In den verschiedenen Formen des Gegenwartsbezugs traten in der Zusammenschau die Gemeinsamkeiten und Unterschiede zwischen den Beiträgen dieser Sektion zutage. HELGE JORDHEIM (Oslo) unterschied in seinem Kommentar, ausgehend von den jeweiligen Gegenwartskonzeptionen, vier verschiedene Formen der Zeitgenossenschaft: Während die ‚philosophische Zeitgenossenschaft‘ im Sinne Wenzels/Hegels dann vor allem als kognitiver Vorgang zu begreifen sei, stehe bei der von Sebastian Schütte präsentierten ‚akustischen Zeitgenossenschaft‘ Merciers der sinnliche Aspekt im Vordergrund. Stelle man beide Formen des Gegenwartszugriffs einander gegenüber, so ließen sich dazwischen die von Susan Richter beschriebene ‚liminal-hybride Zeitgenossenschaft‘ Restif de la Bretonnes und die ‚rhetorisch-begriffliche Zeitgenossenschaft‘, wie sie Theo Jung am Zeitgeistbegriff herausgearbeitet hatte, entlang eines Spektrums anordnen. Jordheim gelang es damit nicht nur, die inhaltliche Kohärenz der (immerhin von den nächtlichen Straßen des revolutionären Paris bis zum philosophischen Höhenkamm reichenden) Sektionsbeiträge aufzuweisen, sondern zugleich eine Typologie der Zeitgenossenschaft zu entwerfen, an die sich in der künftigen Forschungsdiskussion anknüpfen lässt. Es ist anzunehmen, dass dabei nicht wenig über die Funktionsweise auch zeitgenössischer „Deutungskämpfe um die Gegenwart“ zu lernen wäre. Auch diese Sektion zeigte sich dann als ein Beitrag zur Etablierung der Geschichte als Gegenwartswissenschaft [4].

Sektionsübersicht:

Sektionsleitung: Susan Richter (Kiel) / Sebastian Schütte (Heidelberg)

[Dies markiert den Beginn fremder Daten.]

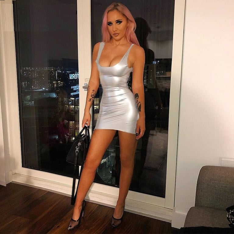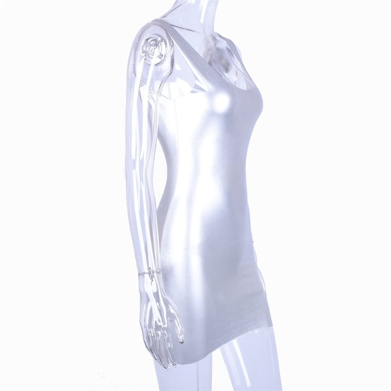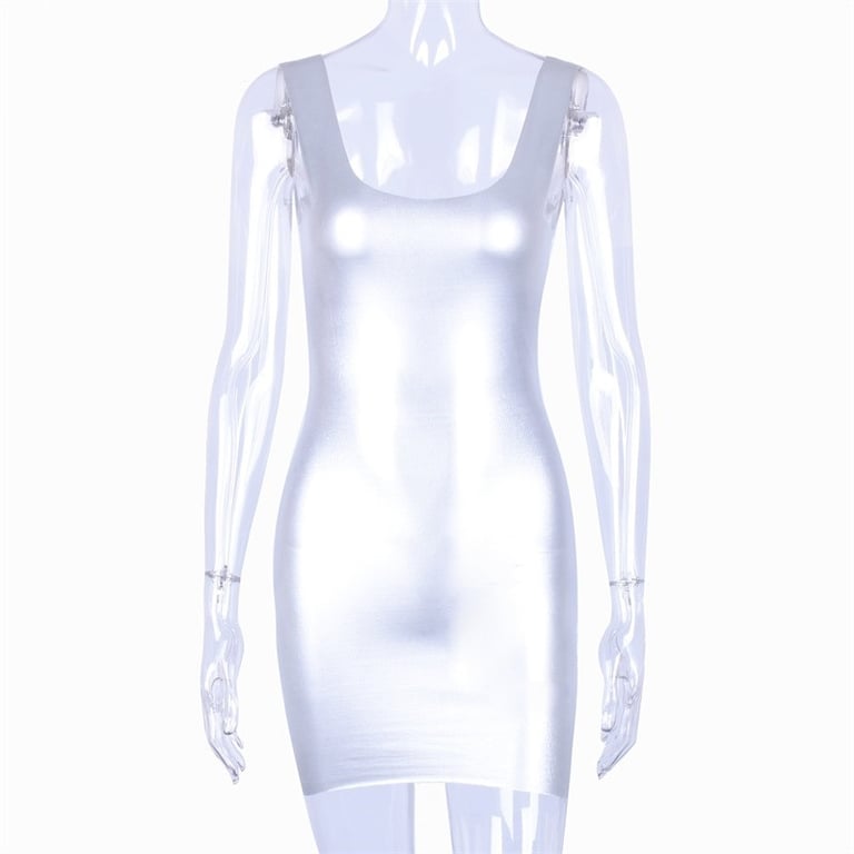 Abito sexy da festa con spalline in materiale elastico lucido.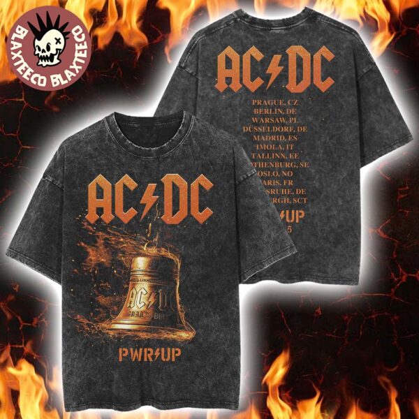 Blaxteeco: About ACDC PWR Up Europe 2025 Tour Merch Hells Bells Lightning With Tour Dates Two Sided Washed T-Shirt: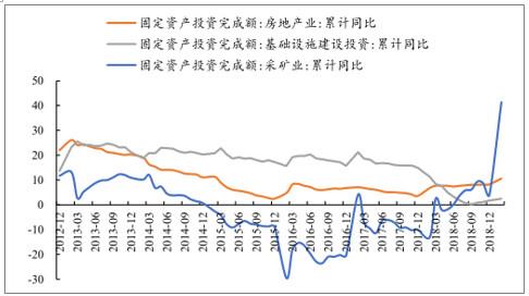 从2017年固定资产投资额结构看,基建、地产、矿山占比分别为27.4%、22.1%和1.5%。2019年1-2月,固定资产投资完成额同比增长6.1%,较18年提升0.2pct,其中基建、地产和矿山开采投资额同比分别增长2.5%、10.6%和41.4%,较18年分别提升0.7pct、2.3pct和37.3pct。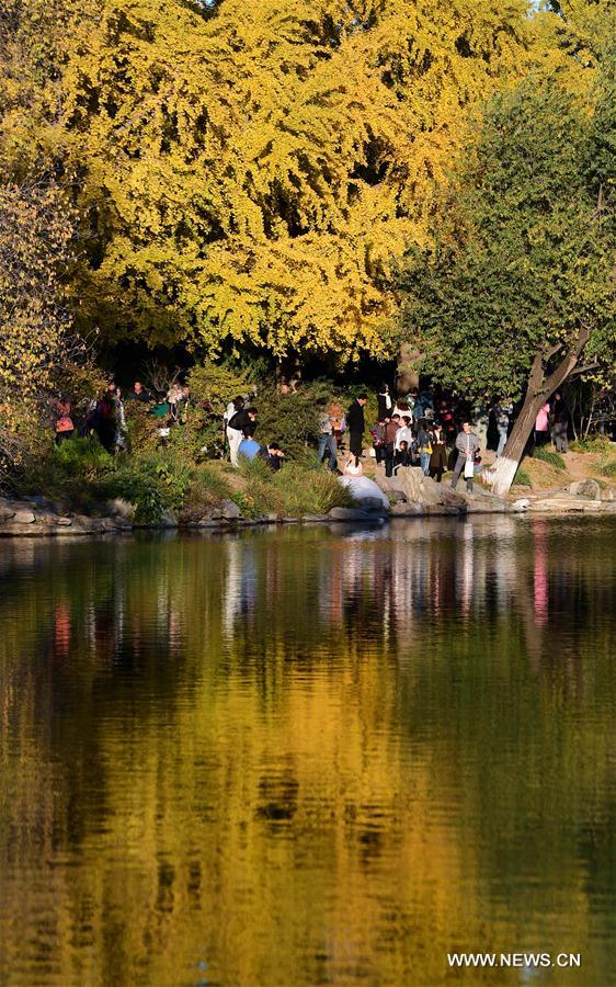 La gente disfruta de la estampa oto?al en la Universidad de Pekín, capital de China, el 29 de octubre de 2017. (Xinhua / Chen Yehua)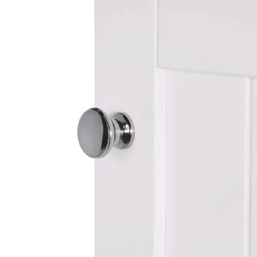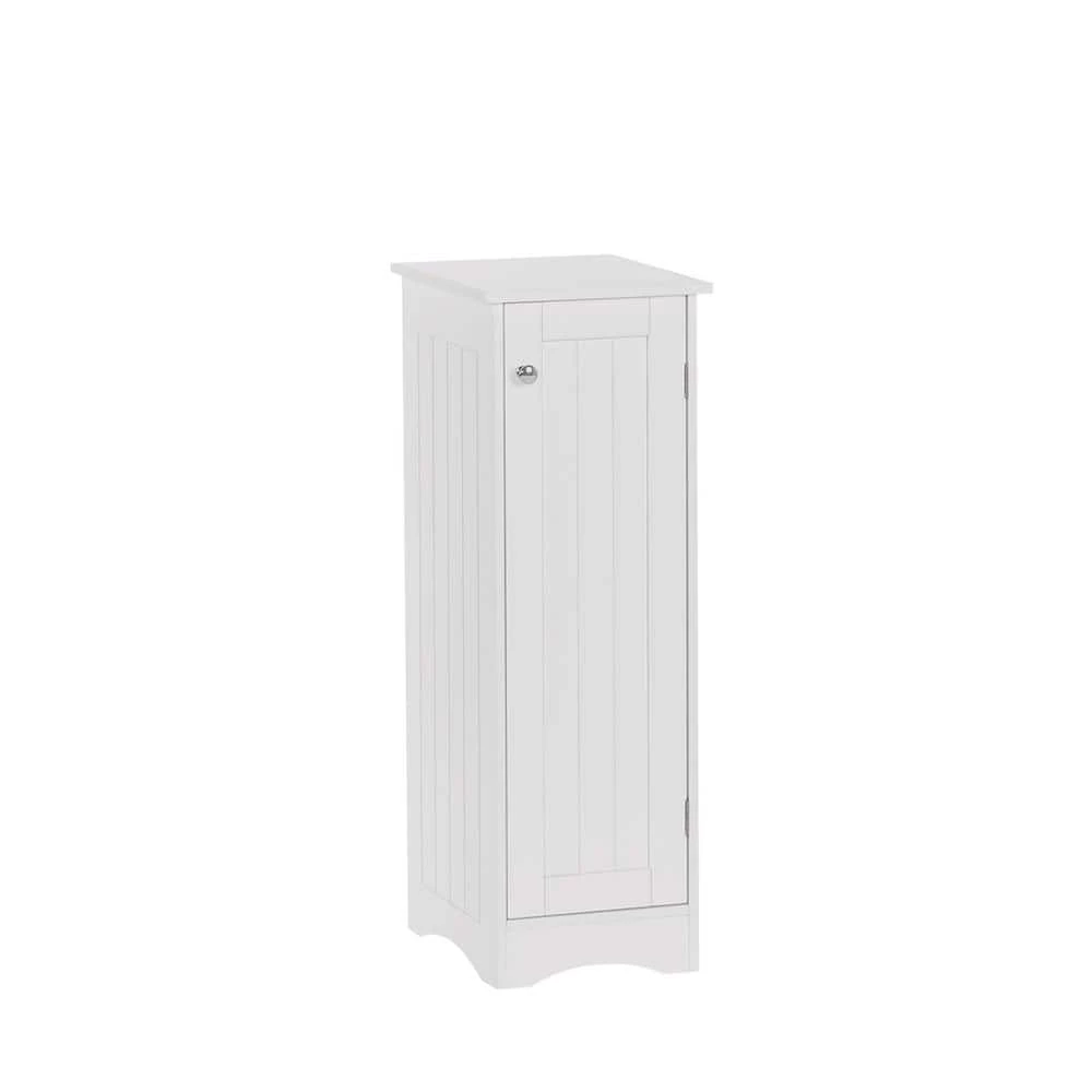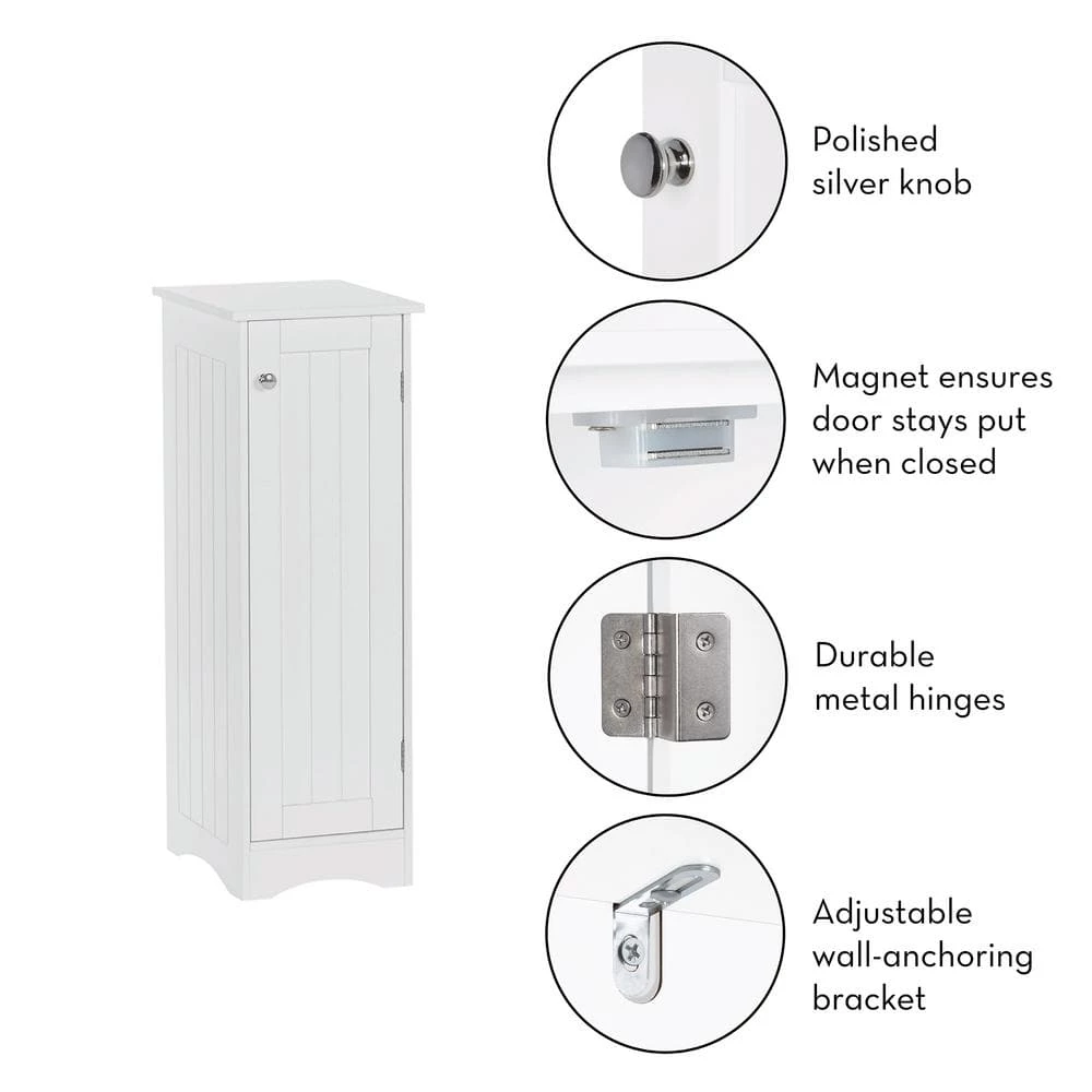 Add style and storage to narrow spaces with this slim floor cabinet, featuring a mirrored doorknob and inset beadboard styling. Slim design slides effortlessly into tight bathrooms, laundry rooms or other compact spaces, while being deep enough to hold a variety of items. Interior features two adjustable and one fixed bottom shelf for concealing toiletries, towels, candles, soaps and other bathroom necessities. Anchors to wall for added stability and safety. Revamp the entire bathroom with additional RiverRidge Ashland Collection items. Additional dimensions: Overall Cabinet Interior: 12.19-in. D x 8.81-in. W x 28.25-in. H; Interior Shelf #1: 12.19-in. D x 8.81-in. W x 8.75-in. H; Interior Shelf #2: 12.19-in. D x 8.81-in. W x 9.75-in. H; Interior Shelf#3: 12.19-in. D x 8.81-in. W x 9-in. H; Adjustable Shelves Height Range: 7.75-in. – 10.25-in.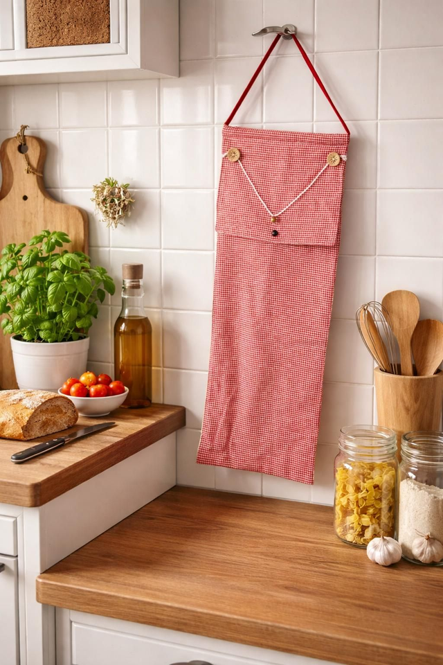 S and co couture vous propose un sac à pain, vichy rouge, intérieur coton.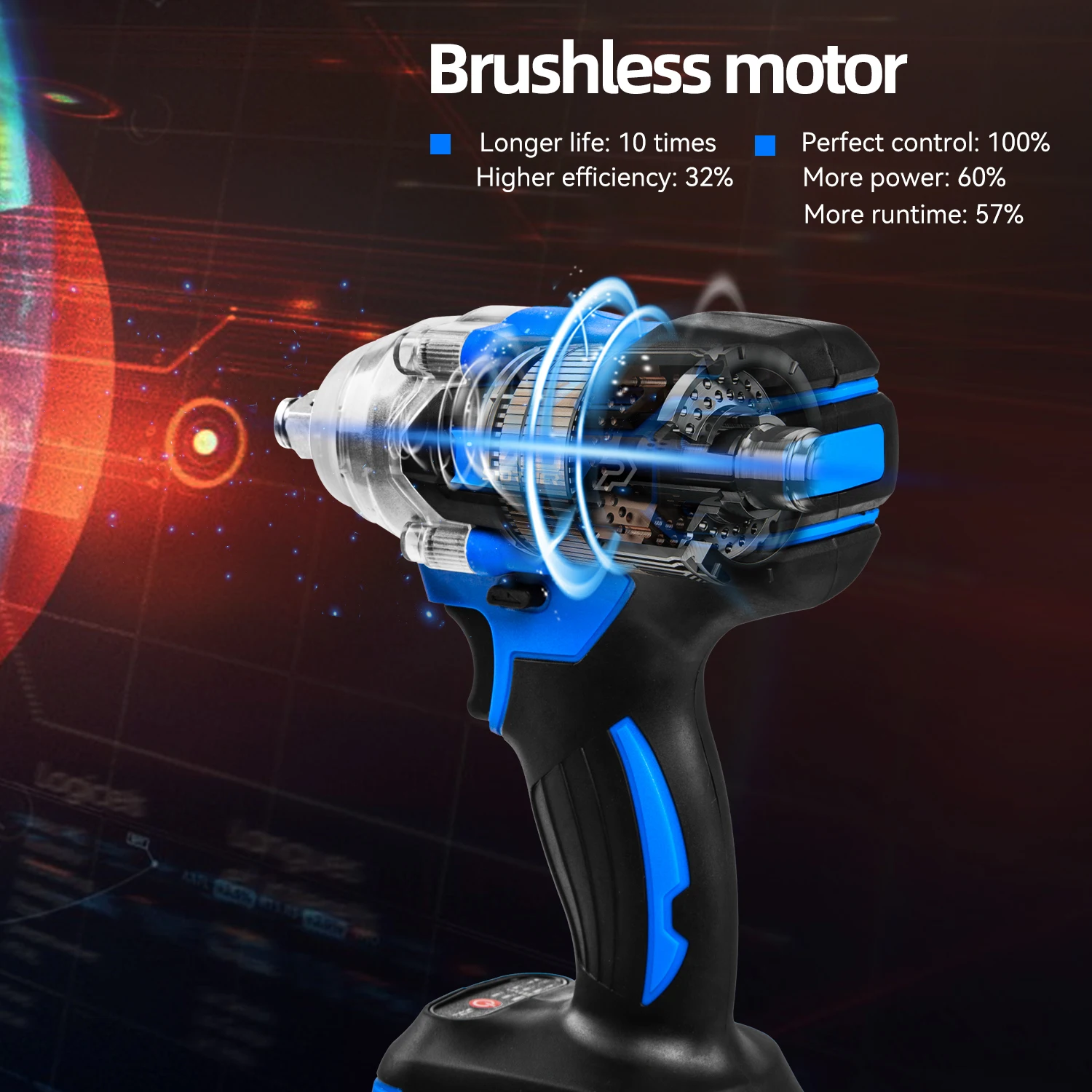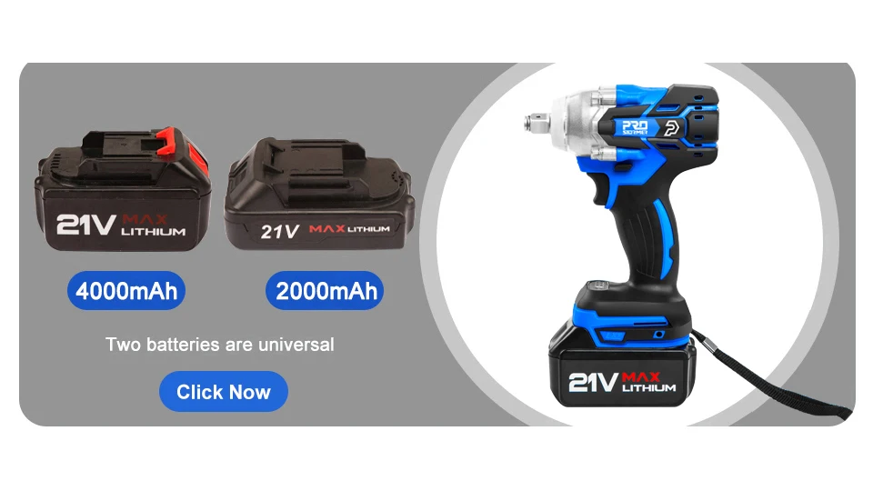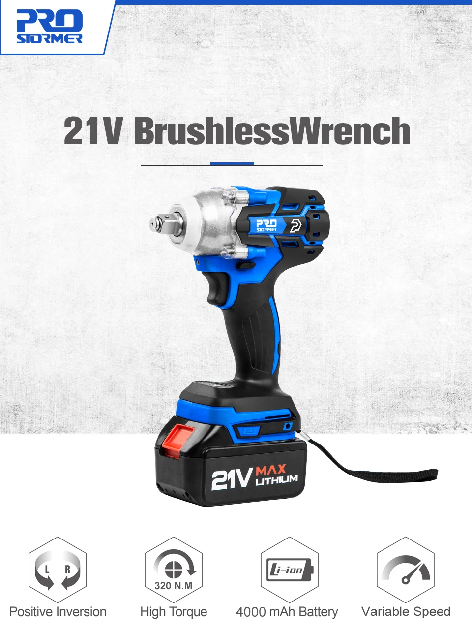 Ударный гаечный ключ 21 В Бесщеточный аккумуляторный электрический гаечный ключ Электроинструмент Момент затяжки 320 Нм Дополнительная аккумуляторная батарея Доступна у PROSTORMER

Theo Jung (Freiburg): Augenblick und Durchblick. Zeitgeistdiagnosen und ihre Kritik um 1800 (und heute)

Sebastian Schütte (Heidelberg): Das engagierte Ohr. Akustische Zeitgenossenschaft am Beispiel Louis-Sébastien Merciers

Susan Richter (Kiel): Vom Besteck des Zeitgenossen. Formen und Analyseinstrumente der Zeitdiagnostik

Uwe Justus Wenzel (Zürich): Auf der Höhe der Zeit und in ihren Niederungen. Einige Probleme philosophischer Zeitgenossenschaft

Helge Jordheim (Oslo): Kommentar

Anmerkungen:
[1] Johann Christoph Adelung, Grammatisch=kritisches Wörterbuch der Hochdeutschen Mundart, mit beständiger Vergleichung der übrigen Mundarten, besonders aber der Oberdeutschen, Vierter Theil, 2. Auflage, Leipzig 1801, Sp. 1677.
[2] Joachim Heinrich Campe, Wörterbuch der Deutschen Sprache, Fünfter und letzter Theil, Braunschweig 1811, S. 833.
[3] Georg Wilhelm Friedrich Hegel, Grundlinien der Philosophie des Rechts, Berlin [1820], hier zitiert nach der Werkausgabe im Suhrkamp-Verlag, Frankfurt am Main 1986, S. 28 u. 26, Letzteres i. O. mit Hervorhebung.
[4] Unter diesem Leitbegriff stand die Bilanz des Historikertags aus feuilletonistischer Sicht – vgl. Kurt Kister, Kümmert euch um die Hohenzollern, In: Süddeutsche Zeitung Nr. 233 vom 8. Oktober 2021.

Zitation
Tagungsbericht: HT 2021: Deutungskämpfe um die Gegenwart: Zeitgenossenschaft und Zeitdiagnostik um 1800 in der Kontroverse, 05.10.2021 – 08.10.2021 hybrid (München), in: H-Soz-Kult, 06.11.2021, <www.hsozkult.de/conferencereport/id/tagungsberichte-9135>.